De Mis dos mundos, de Sergio Chejfec, p.121-122
Entonces, por un lado no encontraba motivos para no ponerme a escribir en el Café do Lago, pero por el otro es verdad que desde hacía tiempo había empezado a sentir una especie de precaución, o inseguridad, cuando en alguno de los pocos bares que tengo cerca de mi casa, después de ciertos preparativos, me disponía a abrir mi cuaderno. Me sentía amenazado, o muy observado. En realidad eran todas ideas mías, nadie se fijaba en mí ni en nadie. Hasta que una tarde, hará cosa de dos o tres años, después de concentrarme en la idea de la amenaza porque no podía sobreponerme a ella, mientras los demás clientes del café leían o escribían despreocupados, sin duda una buena cantidad de ellos eran también escritores, advertí que en realidad ocurría otra cosa, aunque parecida: lo que yo tenía era vergüenza. Me avergonzaba escribir, un sentimiento que todavía se mantiene. Y como todo lo vergonzante, si uno lo quiere poner en práctica no tiene más opción que hacerlo a escondidas.
Durante mucho tiempo consideré la escritura como una labor privada, que sin embargo debe hacerse pública en algún momento porque de lo contrario sería muy difícil que subsista, en particular y en general. Pero la vergüenza no sólo derivaba de dedicarme a algo privado ante la vista de todos, sino también de hacer algo improductivo, una cosa medianamente inútil y bastante banal. Sentía que hablarían de mí como alguien de personalidad veleidosa, capaz de perder su tiempo sin preocuparse de nada, alejado de cualquier interés relevante. Y como yo me conocía demasiado bien, no podía sino darles la razón por adelantado. Por lo tanto mi principal preocupación no pasaba por superar mis defectos y mis insensatas ilusiones de escritura, sino por no ser descubierto. A eso se reducía la vida, podía decir, mientras me acercaba a un cumpleaños crucial: a no ser descubierto. Cada quien tiene su mentira vital, sin la cual la existencia diaria y acostumbrada se desmoronaría; la mía consistía en los simulacros, de la literatura en este caso.

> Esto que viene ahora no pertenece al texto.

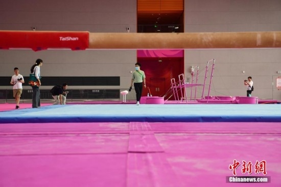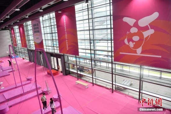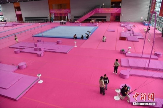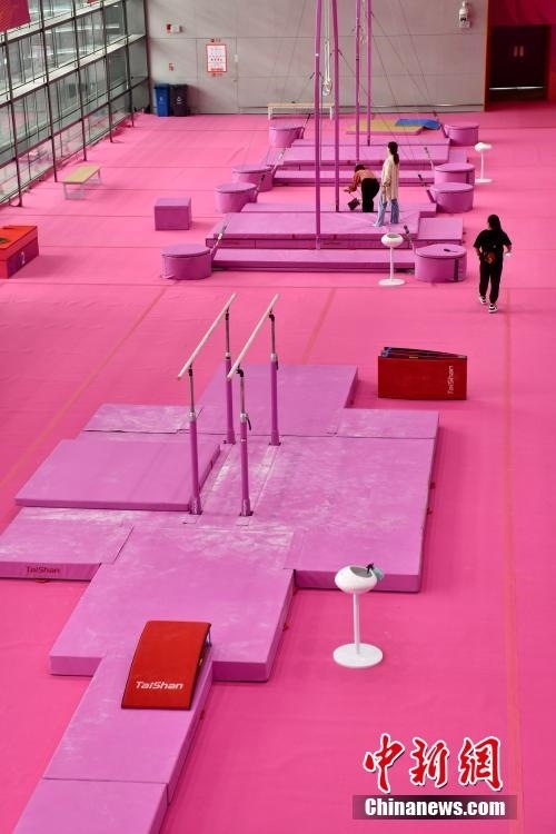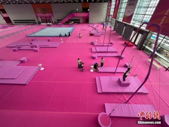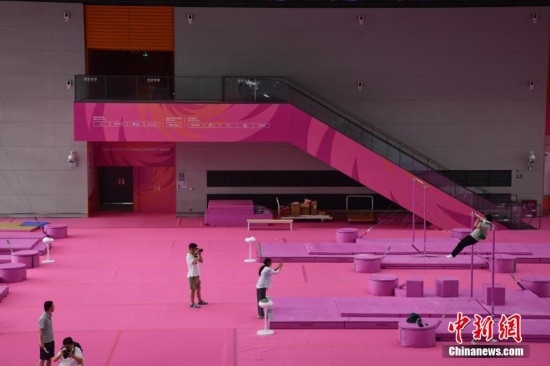 7月14日,成都東安湖體育公園內(nèi),成都大運(yùn)會(huì)體操比賽訓(xùn)練場(chǎng)的粉色布置吸引媒體記者探訪。海綿墊、平衡木、吊環(huán)、鞍馬等設(shè)施均為粉色,充滿(mǎn)青春活力,令人倍感放松。目之所及,海綿墊、平衡木、吊環(huán)、鞍馬等設(shè)施均為粉色。
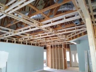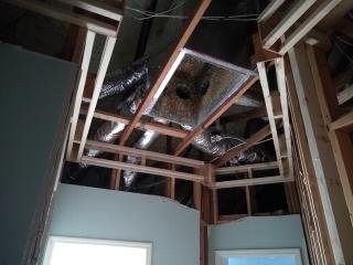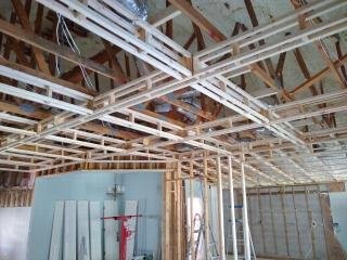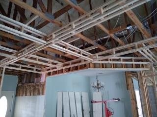 The tongue and groove (T&G) would need to be nailed to something that would be a consistent distance from the top of each coffer so that the distance from the T&G and the bottom of the coffer was consistent (we want a straight line all the way around). To achieve that I attached nailers to the top of the vertical boards as shown above, being careful to align them with the top of the board. I also added triangular nailers in all four corners. They are arranged diagonally so that the center is open for electrical stuff while still providing a surface for the T&G. These nailers were fastened to the vertical boards and I used a lot of shims when attaching to the joists. Below you can see how the T&G boards go up.
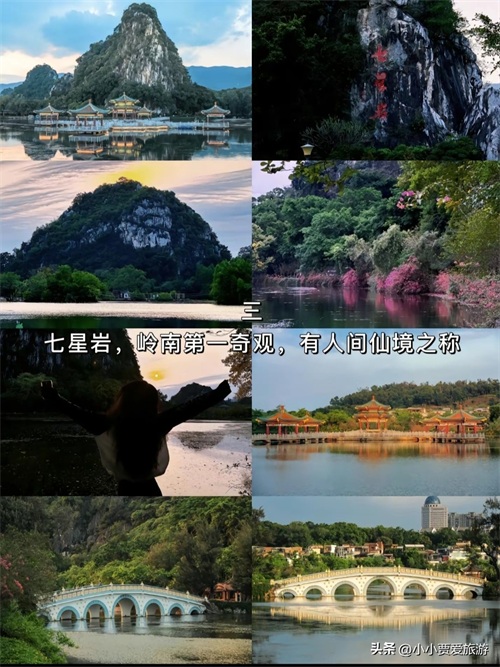 ③七星岩——七星岩风景区是一处以石灰岩溶蚀地貌为主的自然景观,由七座突兀的石灰岩峰群组成,因形似北斗七星而得名。
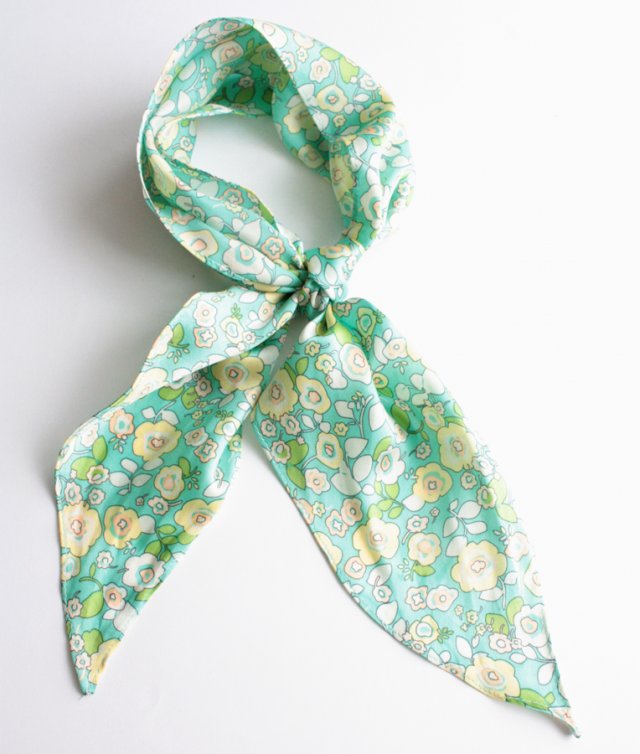 Subtelny szal w kwiatowe wzory na tle niebiesko-zielonym. Wykonany prawdopodobnie z jedwabiu.

De tanto adoptar una actitud de escritor, había terminado siéndolo; y ahora, en una especie de pánico retrospectivo me aterrorizaba que me descubrieran, justamente cuando podía considerar despejados casi todos los peligros. Y el temor se reflejaba en lo más básico, como siempre, la faena manual y la circunstancia anónima. Ya no temía no ser publicado, ni vivir alejado del éxito o del reconocimiento, ya sabía que esas cosas estarían siempre a mi alcance, para bien o para mal; temía que alguien, pasando al lado de mi cuaderno abierto, me desenmascarara como un simple y deliberado impostor. Las hojas de mi cuaderno no contendrían frases, ni siquiera palabras, sólo dibujos que buscaban simular caligrafías, o páginas repetidas con la palabra “qué”, sobre todo “cómo”, o con sílabas desconectadas que nunca hacían sentido.